● YOUR TASK
Among the entries below, only the lines starting at the one with "Czerwona, kopertowa sukienka." and ending at the one with "Bald lag die", both included, are to be printed exactly.

● SUPPLIED RECORDS
● ● ● ● ● ● ●
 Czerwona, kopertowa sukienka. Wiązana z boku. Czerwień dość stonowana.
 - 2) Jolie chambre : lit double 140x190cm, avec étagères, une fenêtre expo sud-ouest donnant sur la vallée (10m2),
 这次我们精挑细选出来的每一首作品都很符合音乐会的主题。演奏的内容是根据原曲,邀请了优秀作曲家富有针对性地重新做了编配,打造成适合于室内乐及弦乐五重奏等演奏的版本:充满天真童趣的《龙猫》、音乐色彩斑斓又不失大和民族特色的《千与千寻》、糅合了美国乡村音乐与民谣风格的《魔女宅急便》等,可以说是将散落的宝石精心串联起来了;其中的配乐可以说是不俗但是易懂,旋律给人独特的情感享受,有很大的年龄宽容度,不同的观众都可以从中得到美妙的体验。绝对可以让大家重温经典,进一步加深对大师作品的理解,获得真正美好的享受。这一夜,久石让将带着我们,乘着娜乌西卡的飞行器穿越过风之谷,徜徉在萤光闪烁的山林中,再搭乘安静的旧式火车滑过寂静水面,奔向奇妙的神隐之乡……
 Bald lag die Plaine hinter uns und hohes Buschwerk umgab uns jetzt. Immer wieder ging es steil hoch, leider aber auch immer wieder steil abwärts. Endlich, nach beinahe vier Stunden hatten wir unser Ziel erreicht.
● ● ● ● ● ● ●
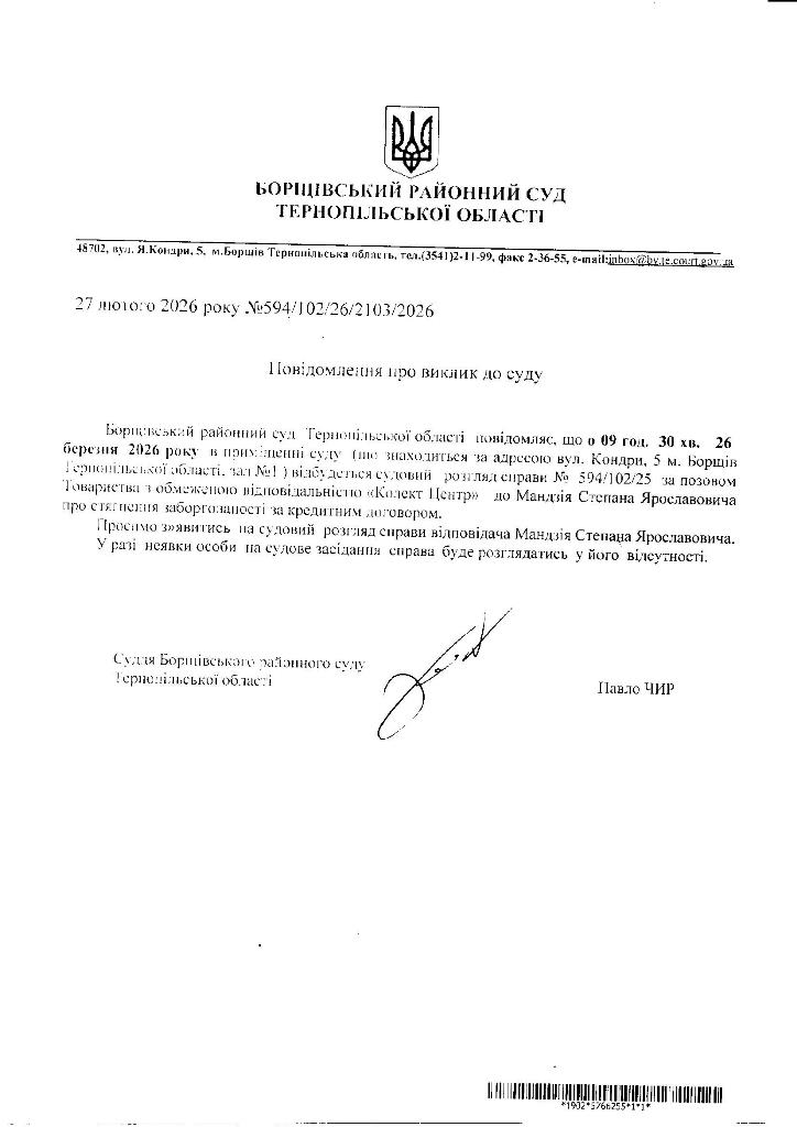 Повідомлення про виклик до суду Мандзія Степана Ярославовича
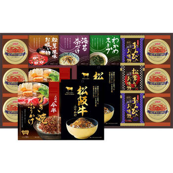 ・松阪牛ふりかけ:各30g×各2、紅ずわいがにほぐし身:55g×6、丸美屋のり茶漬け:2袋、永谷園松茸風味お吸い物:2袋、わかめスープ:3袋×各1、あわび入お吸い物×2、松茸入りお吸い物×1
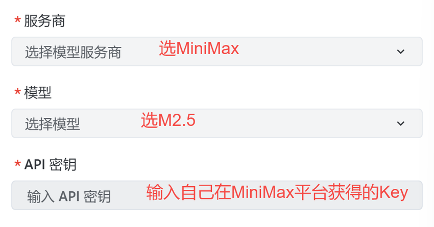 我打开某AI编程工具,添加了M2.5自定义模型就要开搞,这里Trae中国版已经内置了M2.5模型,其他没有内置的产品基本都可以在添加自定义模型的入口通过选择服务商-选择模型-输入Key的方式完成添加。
● ● ● ● ● ● ●
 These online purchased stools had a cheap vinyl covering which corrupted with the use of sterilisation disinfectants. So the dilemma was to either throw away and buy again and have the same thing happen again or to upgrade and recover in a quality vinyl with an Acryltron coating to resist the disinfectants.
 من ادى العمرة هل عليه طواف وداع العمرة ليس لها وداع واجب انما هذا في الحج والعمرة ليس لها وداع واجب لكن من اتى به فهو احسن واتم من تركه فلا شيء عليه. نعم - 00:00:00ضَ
● ● ● ● ● ● ●
● EXERCISE OUTPUT
 Czerwona, kopertowa sukienka. Wiązana z boku. Czerwień dość stonowana.
 - 2) Jolie chambre : lit double 140x190cm, avec étagères, une fenêtre expo sud-ouest donnant sur la vallée (10m2),
 这次我们精挑细选出来的每一首作品都很符合音乐会的主题。演奏的内容是根据原曲,邀请了优秀作曲家富有针对性地重新做了编配,打造成适合于室内乐及弦乐五重奏等演奏的版本:充满天真童趣的《龙猫》、音乐色彩斑斓又不失大和民族特色的《千与千寻》、糅合了美国乡村音乐与民谣风格的《魔女宅急便》等,可以说是将散落的宝石精心串联起来了;其中的配乐可以说是不俗但是易懂,旋律给人独特的情感享受,有很大的年龄宽容度,不同的观众都可以从中得到美妙的体验。绝对可以让大家重温经典,进一步加深对大师作品的理解,获得真正美好的享受。这一夜,久石让将带着我们,乘着娜乌西卡的飞行器穿越过风之谷,徜徉在萤光闪烁的山林中,再搭乘安静的旧式火车滑过寂静水面,奔向奇妙的神隐之乡……
 Bald lag die Plaine hinter uns und hohes Buschwerk umgab uns jetzt. Immer wieder ging es steil hoch, leider aber auch immer wieder steil abwärts. Endlich, nach beinahe vier Stunden hatten wir unser Ziel erreicht.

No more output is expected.